This season in your life doesn’t have to end in defeat. And when you surrender it to Christ, it doesn’t, no matter how you feel.

7.  You can get back to normal. But it will be a new normal.

Like Perry, I was able to stay in my job and got back to health while leading, but I realize that’s not always the case for leaders.

Within three months of my crash, I was operating at 40–50 percent of my usual energy. Within six months, I was back to maybe 70 percent of my strength. Within a year, 80 percent. But it took another four years to gradually recover that remaining 20 percent. Don’t get me wrong, I was putting in full days, and very few people saw that 20 percent was missing. It was more of a heart thing for me than anything.

In the end, it took me five (yes … FIVE) long years to get back to full strength. Maybe you can do it faster. I hope so.
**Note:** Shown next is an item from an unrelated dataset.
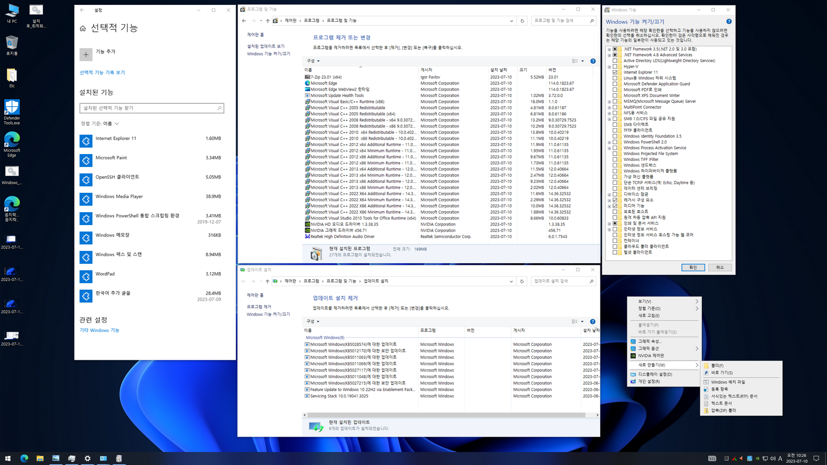 바탕화면 Etc 폴더에 제작자 클래식 우클릭에 대한 자료 추가- 닷넷 3.5 / SMB1.0 / 레거시 구성 요소 기능 활성화

But here’s what surprised me: when I finally reached 100 percent, it was a new normal. Very few leaders who emerge out of burnout are the same as they were before. Like Jacob who wrestled the angel, you walk with a limp. But you walk stronger.

Paradoxically, I am more aware of my limits than I’ve ever been (my need for rest, time alone, the limits of my gifting and strength) and yet I have never “produced” more in terms of deepening relationships and sheer productivity and output in work. I don’t fully understand that.

Your story will be unique to you, of course. But the point is, don’t look to get back what you lost. Look to move forward to a new normal.